Derzeit gebe es wegen Corona kaum Flüge und somit auch keine Abschiebungen. Das könne sich im Herbst jedoch ändern.
Kritik von den Linken
Die oppositionelle Linke in Brandenburg begegnet der neuen Task Force mit Skepsis. "Wir wissen rein gar nichts darüber, es gab bisher keine Information an den Innenausschuss", sagte die Landtagsabgeordnete Andrea Johlige. Innenstaatssekretär Schüler wies den Vorwurf zurück.

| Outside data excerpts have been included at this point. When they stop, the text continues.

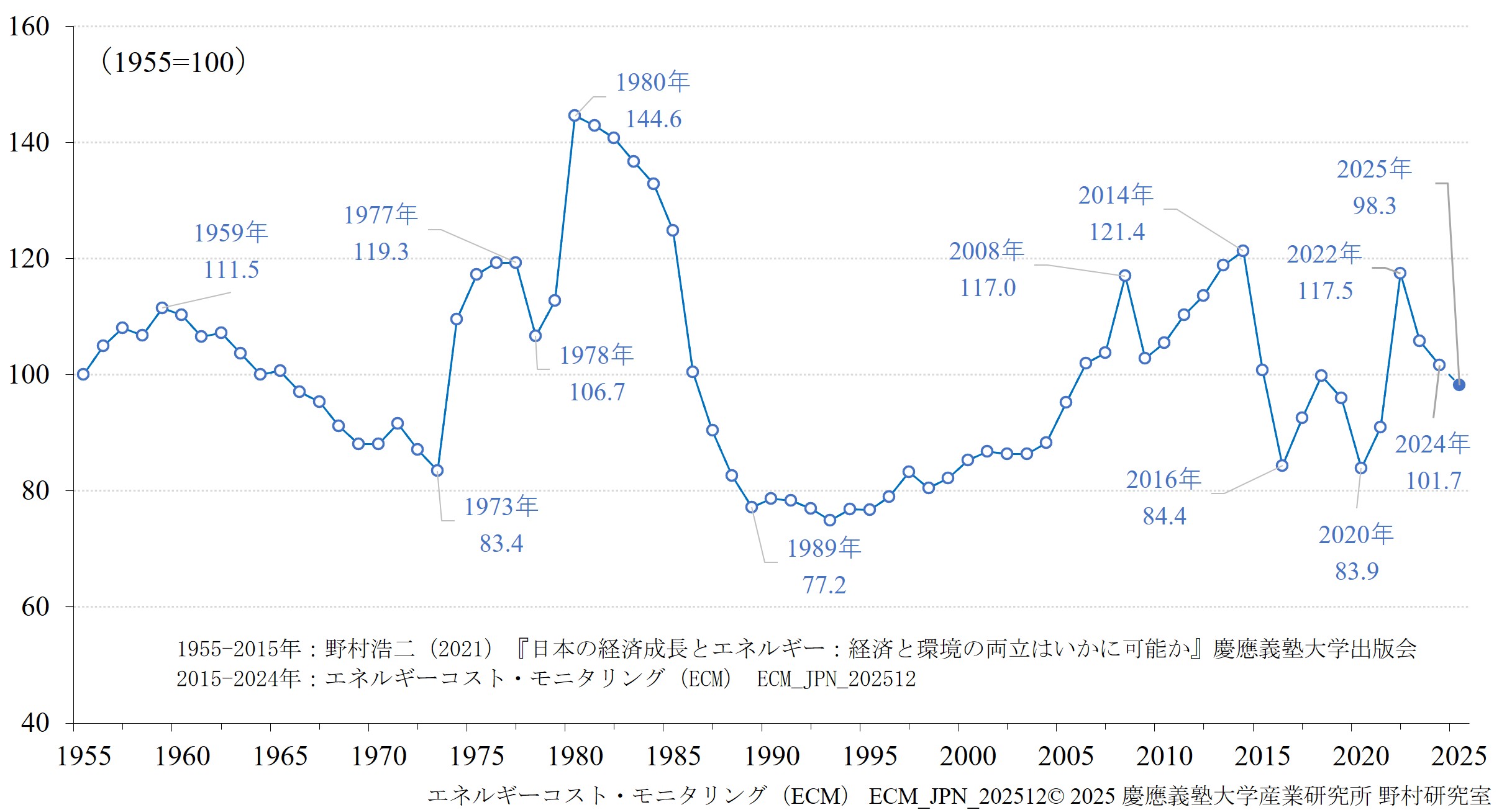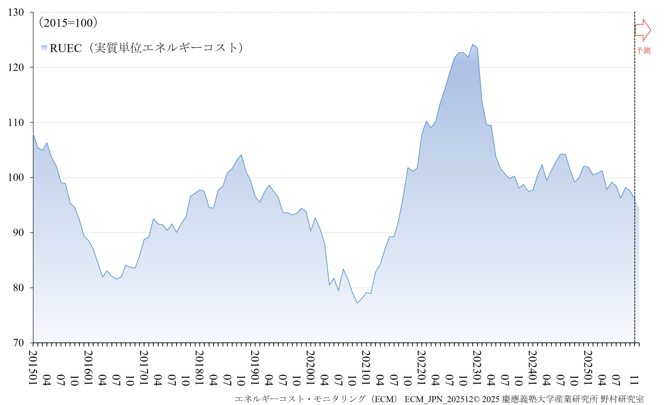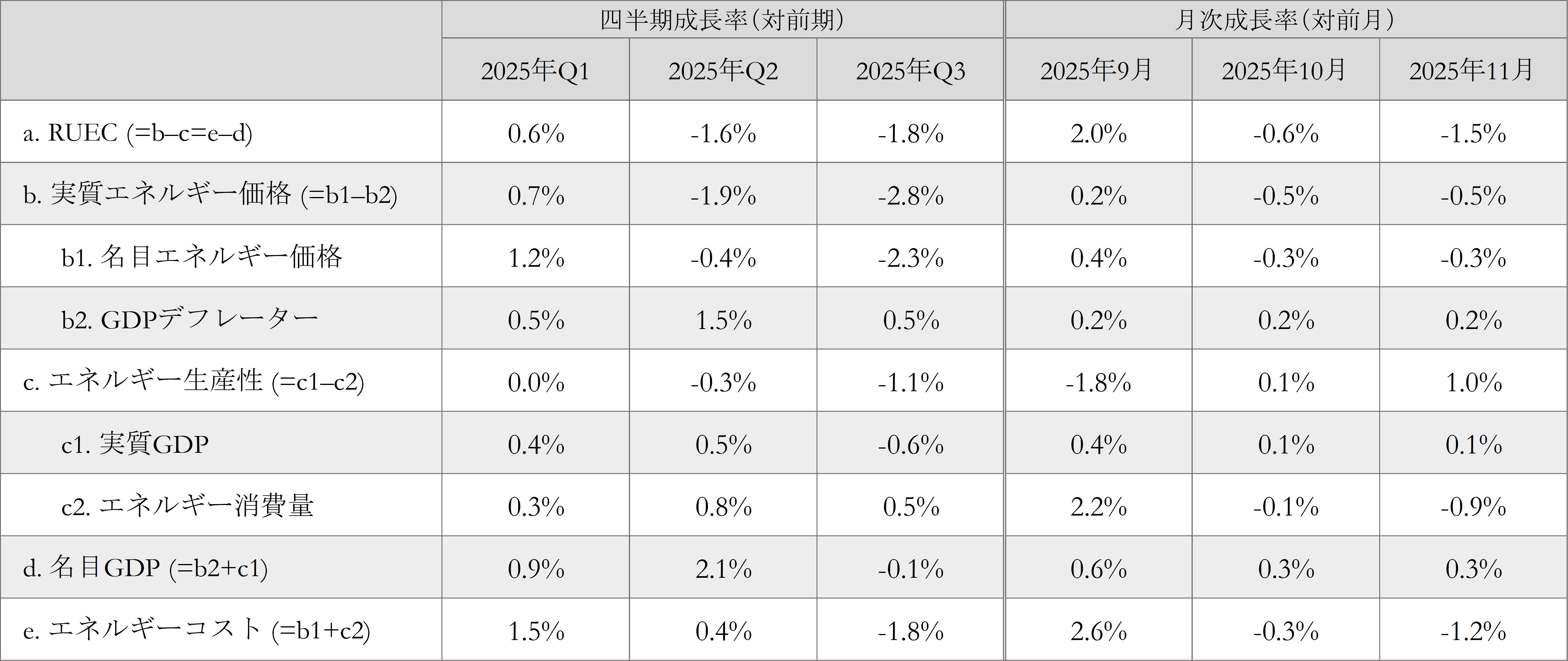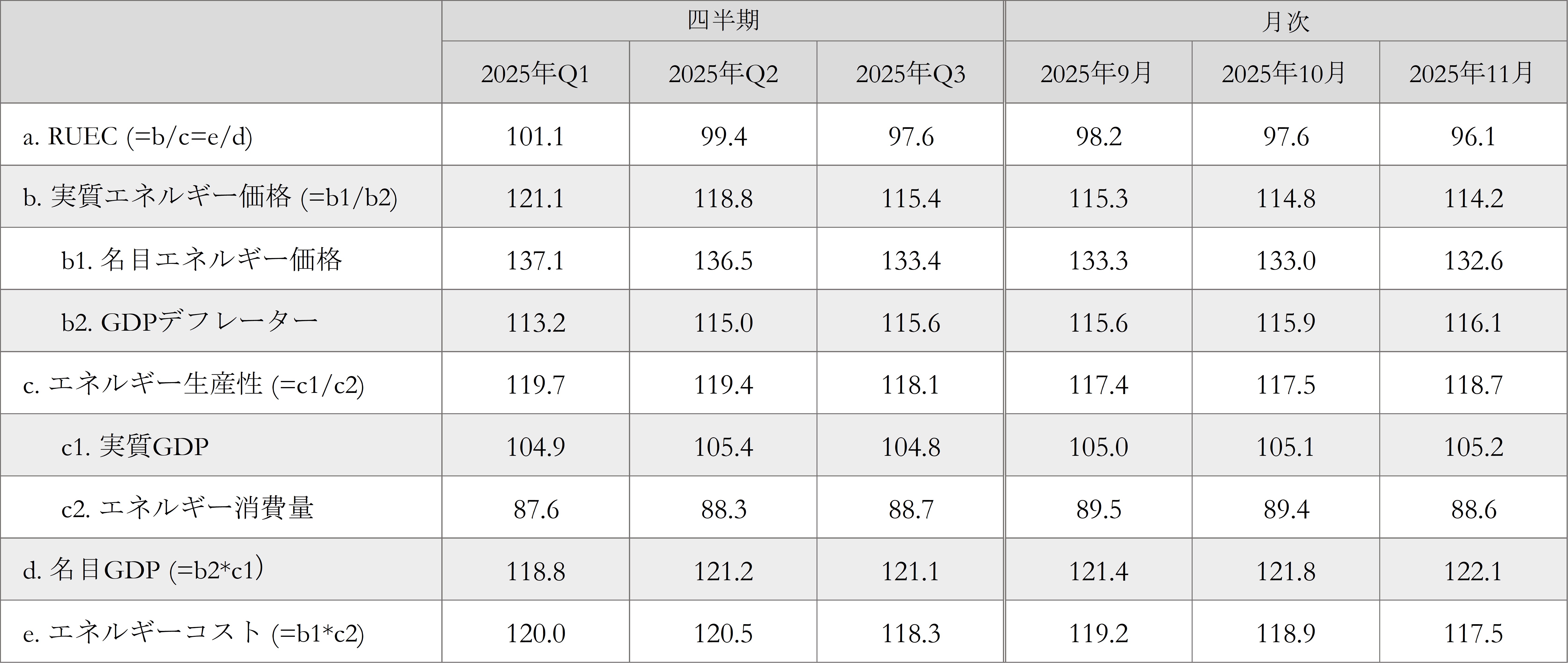 - 2025年11月のRUECは、実質エネ価格0.5%の下落、エネ生産性1.0%の増加により、前月比1.5%減少。
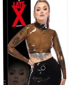 LateX – Koszulka lateksowa z długim rękawem, transparentna, rozmiar M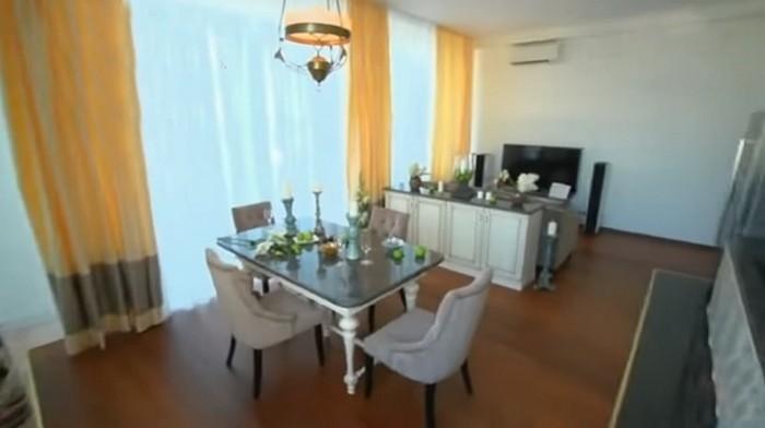 По задумке дизайнера для столовой изначально подбирался круглый стол. Но следуя за чёткими и простыми линиями, авторы решили установить роскошный квадратный стол из массива дерева с гранитной столешницей весом 150 кг.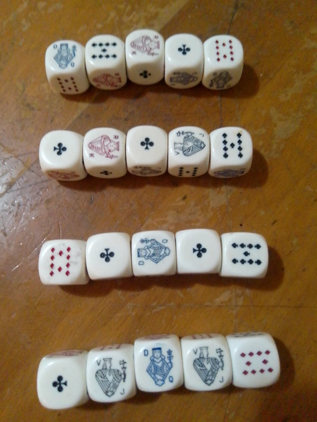 Selling 4 sets pf vintage poker dice! Purchased in 1982 from Shefeild and Sons. These dice have card symbols instead of numbers, making them fun for poker-themed games and activities . Sold by each set.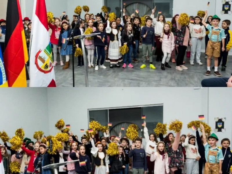 Durante o evento tivemos a participação de alunos dos 3ºs anos do Ensino Fundamental I cantando músicas em alemão. E um grupo de alunos do Ensino Médio apresentou um engraçado esquete em alemão intitulado “kalter Kaffee”.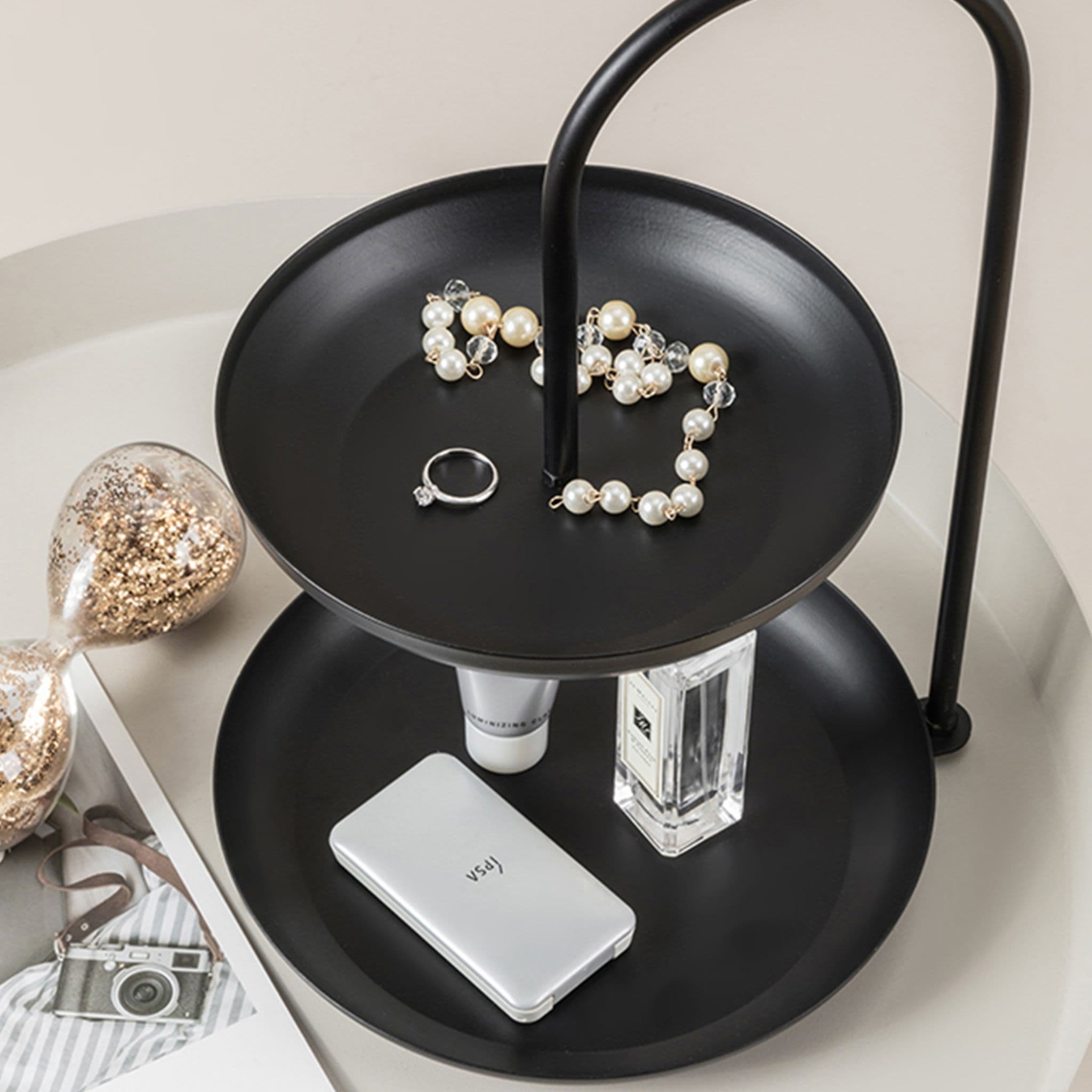 Style your dressing table with this Nordic-style jewellery holder. The decorative trinket stand comes in gold or black to suit your home.
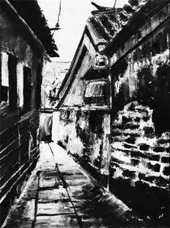 田迎人黑白油画《亲切的小夹道》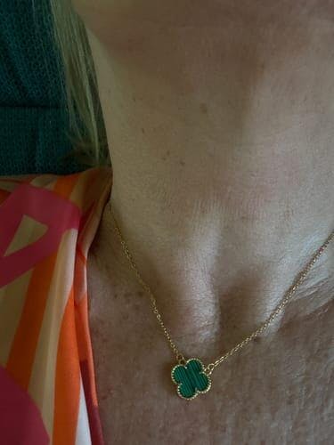 Be enchanted by the refined beauty of the CLOVER Necklace . Inspired by the iconic clover design, this elegant necklace brings a luxurious look with a modern twist. The black stone gives a subtle shine that fits perfectly with both everyday outfits and special occasions.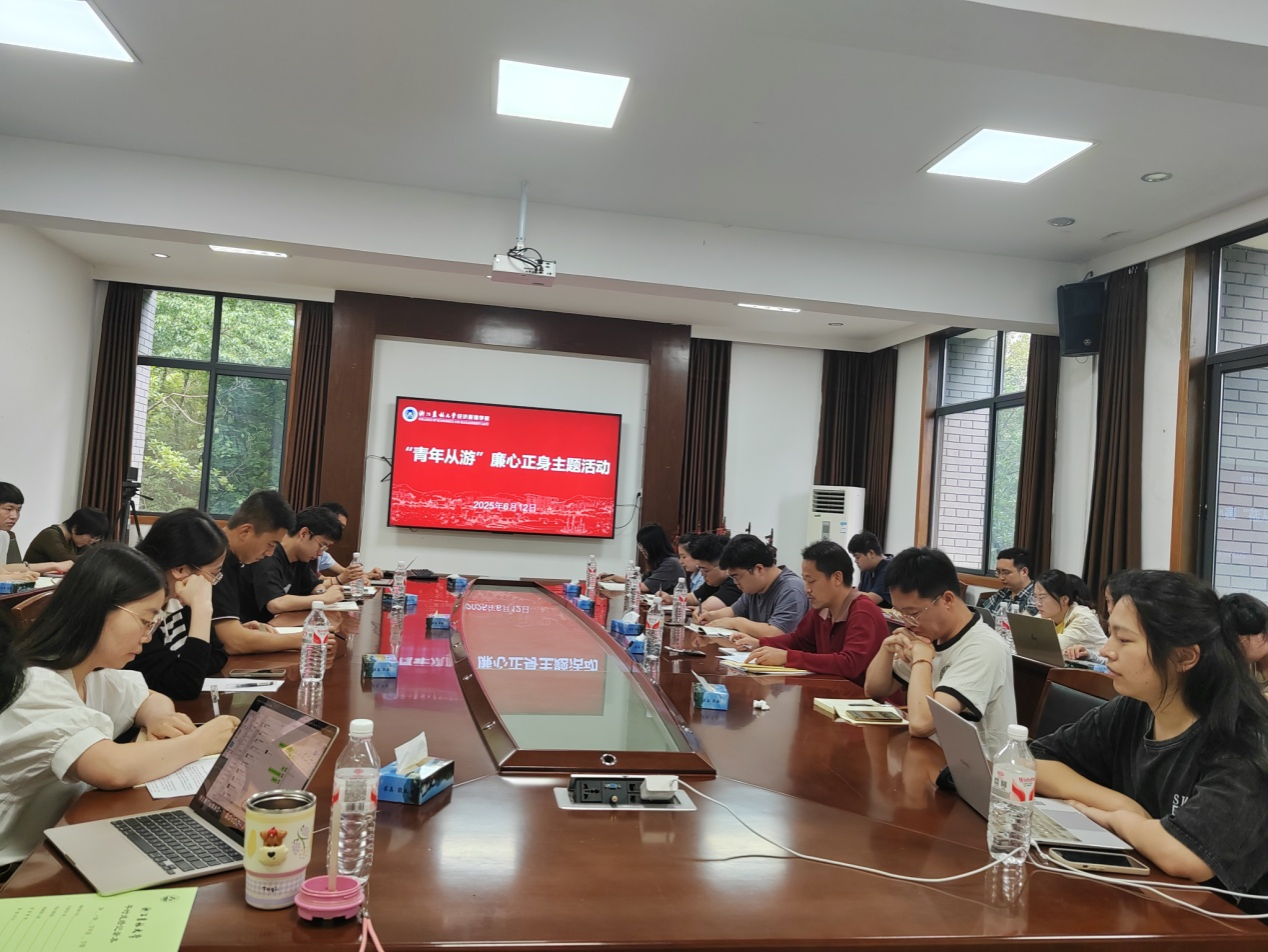 6月12日,经管学院开展“青年从游”廉心正身主题活动。活动由经管学院党委书记陈劲松主持,学院40周岁以下青年教师与管理人员参加。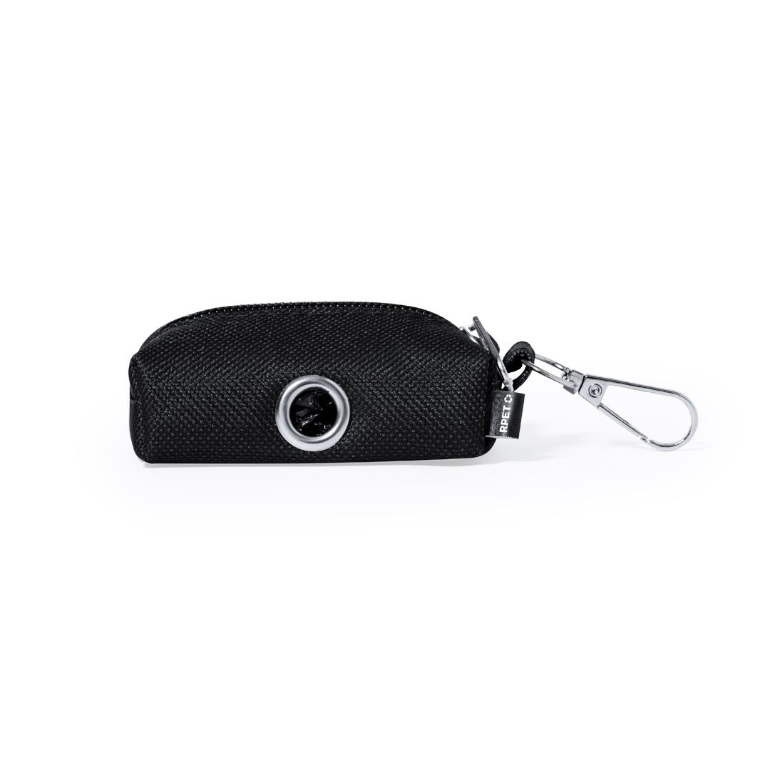 Distributeur de sacs pour animaux de compagnie en RPET. Design original en forme de sac à main avec fermeture éclair et un anneau métallique pour pouvoir retirer les sacs facilement. Transport confortable grâce à son mousqueton intégré avec 15 sacs biodégradables inclus. Disponible en différentes couleurs. Le matériau RPET est fabriqué à partir de plastique recyclé, ce qui favorise la réutilisation des déchets plastiques et contribue à la durabilité de la planète.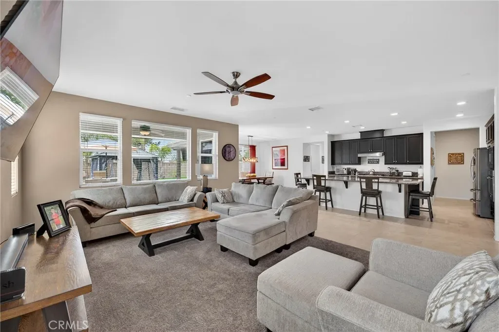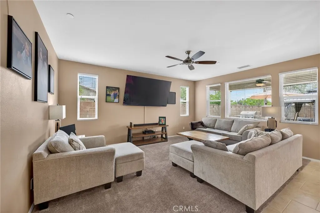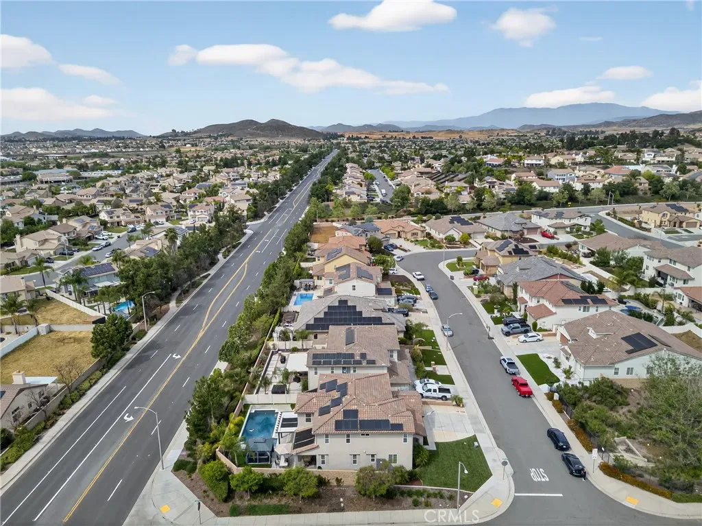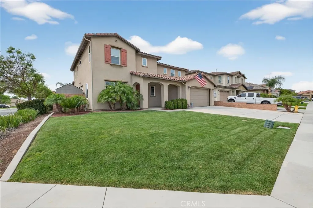 Location, Location Welcome Home to your Luxury Home, with your Dream Backyard. Your Own Oasis, an Entertainers Dream home, in the highly sought after neighborhood of Winchester Ca, in the heart of French Valley, this is a K. Hovnanian Model Home, Stunning, two-story open floor plan, on a corner lot in Vineyard Heights, No Neighbors Behind Backyard. There are upgrades galore, pool solar comes with the home, security pool fence removable, and pool alarm, very large walk-in pantry, butler’s pantry, custom barn doors for main floor office, whole house fan, quiet cool system, two patio covers, one of the patio covers is a Aluma-wood patio cover. You must see all upgrades. You drive up to the beautiful curb appeal, walk up to the very large porch, enter through the entry door, into the grand foyer, cathedral high ceilings, natural sunlight coming through the windows, and you see the custom-made barn doors, they go into the main floor office, there is a main floor bedroom & bathroom with a pool view, and a main floor hallway storage closet, also a main floor mudroom, before going out to the garage. Then you go up the staircase, which leads you upstairs, includes, four more bedrooms, and three walk-in closets, large loft, and large laundry room, with a three-car tandem garage, renovated part of garage, is another office now from 2020. Your own backyard Oasis is a Entertainers dream, with a sparkling blue pool, and lighting, built in BBQ, two patio covers, one with patio set, and fan ,one Aluma wood patio cover, standing gazebo with netting, also the lawn is low maintenance artificial grass. This spacious two-story home has living space of 3,549 square feet, with solar panels. This home highlights Chefs Kitchen with large granite Island, shaker cabinets, with, storage, stainless steel appliances, microwave oven, five burner stove, double ovens, range hood, a large butler pantry, and a large walk-in pantry, open floor plan into living room, dining room. Off the chef’s kitchen, main floor bedroom and bathroom, and media room. Upstairs is the Primary Bedroom Suite, with fan, and Primary Bathroom, double vanity, soaking tub, walk-in shower, and lighted walk-in closet. Prestigious Temecula Unified School District Elementary Susan La Vorgna, Rancho Bella Vista Middle, and Chaparral High School. Close to Parks, walking distance to Sheffield Park. Close to all Shopping.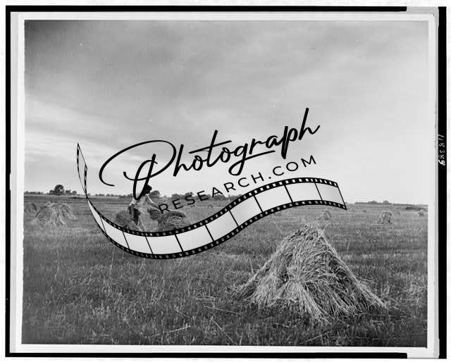 Man gathering shocks of wheat,Southern Illinois,IL,1930,Harvesting,Farming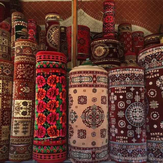 街道兩旁是匯集了上百家的手工作坊。漫步其中,鐵藝、木藝、皮具一類也并不讓人感到奇特,然而沙畫、刺繡、傳統(tǒng)樂器等手工藝品可就不由得您多看兩眼。說的再好,也有說不出的好;說的再全,也會有遺漏的珍品。畢竟這兒的手工作坊,生產(chǎn)的東西是五花八門,甚至于在那不起眼的小角落里坐著的老人,都可能是某個手工制作領(lǐng)域的專家,一時興起,隨手就做得出一件令人喜愛的活計。歷史的煙云為喀贊其蒙上了一層古樸與神秘的色彩。工匠、作坊,手工制品,因為一輩輩的懷著執(zhí)著的傳承者存在,才會沒有隨著歲月而去。在這個好似鄉(xiāng)間的古老城區(qū),似乎一切都停留在從前的某個時候。圖為喀贊其的藝人正在手工制作樂器。

Johlige fügte hinzu: "Das Wichtigste, das Brandenburg braucht, ist eine gute Integration. Das wäre für mich immer die Priorität in der Flüchtlingspolitik."
Unterstützung für die Task Force kommt hingegen von den Grünen im Landtag. "Wir haben den Koalitionsvertrag ja auch unterschrieben und ich halte die Aufregung für übertrieben", sagte die Grünen-Abgeordnete Marie Schäffer dem rbb. "Es werden keine neuen Abschiebegründe geschaffen. Es macht Sinn, die Ressourcen zu bündeln für die, die mehrfach Straftaten begangen haben." Die Task Force werde lediglich "bestehendes Recht umsetzen".
Bisher keine Bewerber für die Sachbearbeiterstelle
Die neue Einheit startet zunächst mit nur fünf statt der geplanten sieben Mitarbeiter: In der Zentralen Ausländerbehörde in Eisenhüttenstadt sind die Beschäftigten bereits im Dienst. Im Ministerium wird der erfahrene Polizist, der die Gruppe leiten soll, seinen Dienst erst am 1. September antreten.
Die Stelle des ihm zugeteilten Sachbearbeiters ist nach einer internen Ausschreibung sogar noch frei. "Weil sich niemand beworben hat", sagte Schüler. Nun werde die Stelle landesweit ausgeschrieben.